Anyway, the reason for highlighting this is, as you might guess, the villain: Culpepper, played by the amazing Eric Portman. For subtlety, sympathy, attenuated charisma and threat – whose villainy is less and less obvious as the film goes on – you can’t do any better than Portman in this film.

I can’t say enough about how much I relate to this figure – not the vaguely creepy glue jobs, of course, but the twisted morals, the profound loneliness, the irony of being in a position of respect in his public life and reviled in his alter ego. Portman breathes into it a sadness so deep, an alienation so complete that you almost don’t see it at first.

It helps me (if I may flatter myself) that my speaking voice, altered for accent of course, is not that far away from Portman’s. His voice has the same smoothness as mine, although even his has a slight tang (not twang – I mean something acidic) to it that mine doesn’t.

If you want to see what my villainy is like – hell, you want to see what my real personality is like, watch the scene in this movie where Portman’s character is holding a lecture for the servicemen.
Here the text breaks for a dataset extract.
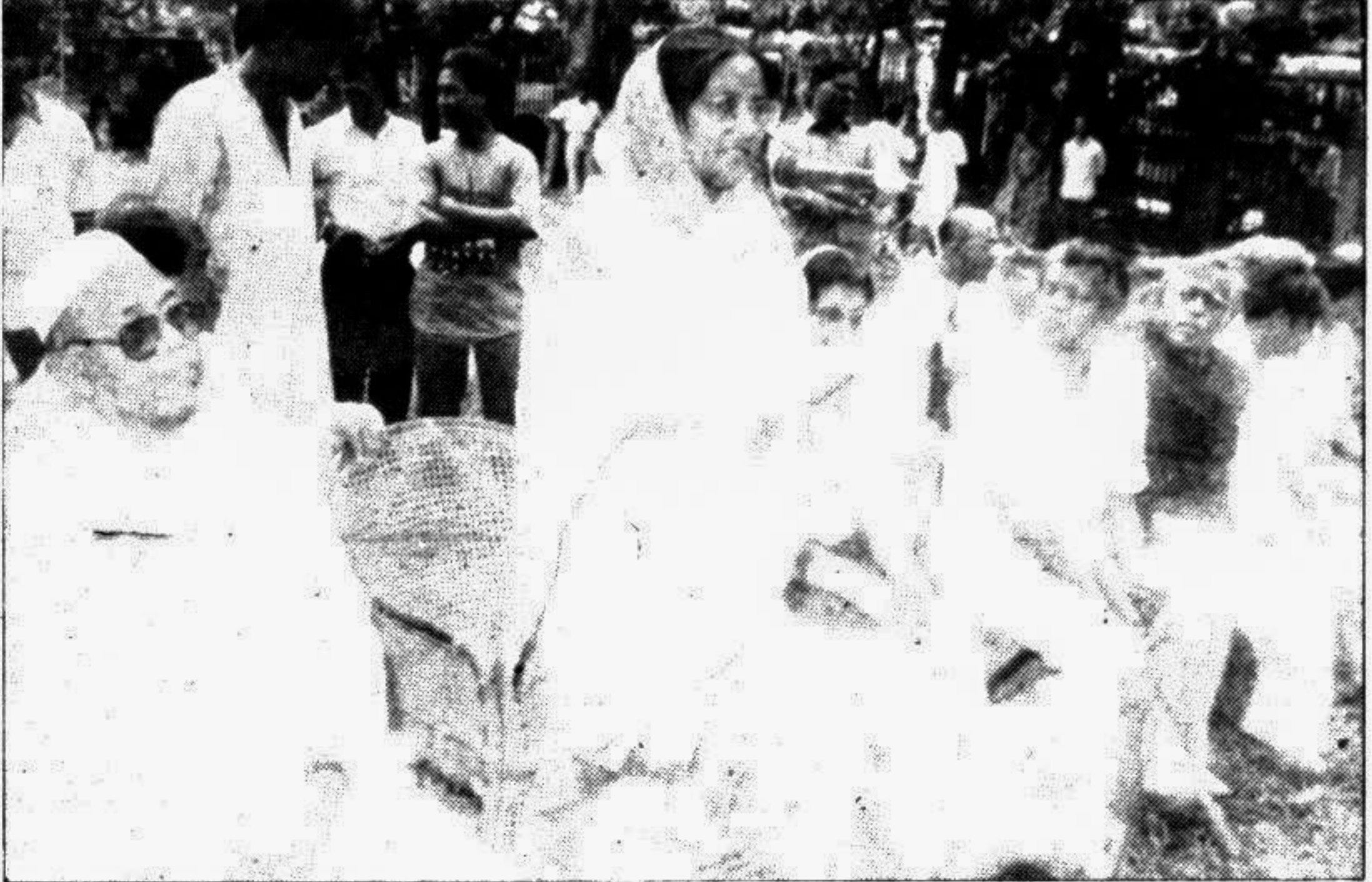
Awami League chief Sheikh Hasina addressing a group of people from Sunamganj who joined her party at her Minto Road residence yesterday.

From Page 1 Col 4 ture and tighten our belts," he said. The finance minister said the government now wants economic growth with reasonable distribution of resources. "We are going for a growth strategy that would ensure employment," he maintained. "I believe that poverty will go down with growth taking place." "Resource will not be a problem, but we need a good guidance for poverty alleviation," he added. He explained that the reform programme which would stop wastage of resources in unproductive sectors and shift them to productive ones will ultimately lead to growth, thus reducing poverty. He said until the private sector comes forward with investment, the government will continue investment in physical and social infrastructure. Saifur Rahman said he is still at a loss about what to do with the surplus employees of some organisations like the TCB, and the import control offices in Dhaka and Chittagong. "The TCB has 1300 workers and the import offices have 600 employees doing virtually nothing," he said, adding "This is a touchy problem." The dialogue revolved round the speech delivered by Prof. Rehman Sobhan. Prof. Sobhan felt that the government should monitor the results of the budget policies, and added, "It is imperative for the finance minister to actively know what is going on because of his policies. This would help correction in the next budget," he said. Being highly critical of the donors, specially the World Bank which, he said, is "the

It’s one of the most striking visual sequences in black and white film I have seen -- at times blatantly so, then turning to great subtlety in the blink of an eye.

If you do view it, I hope you can see the greatness behind the technical limitations of the time and the velly odd 1930s actor’s diction that comes out of Miss Sim (“Oh, end how dooo we dooo theyat, I wondah?”) I didn’t say she was sexy; I said she was extremely appealing. Oh, and please see the UK version, not the US version, with its moronic (though charming in its own obsolete way) bracketing story. Just like The Third Man – for Jah’s sake, see the UK version, for the US has a different opening voiceover that completely changes the tone of the film.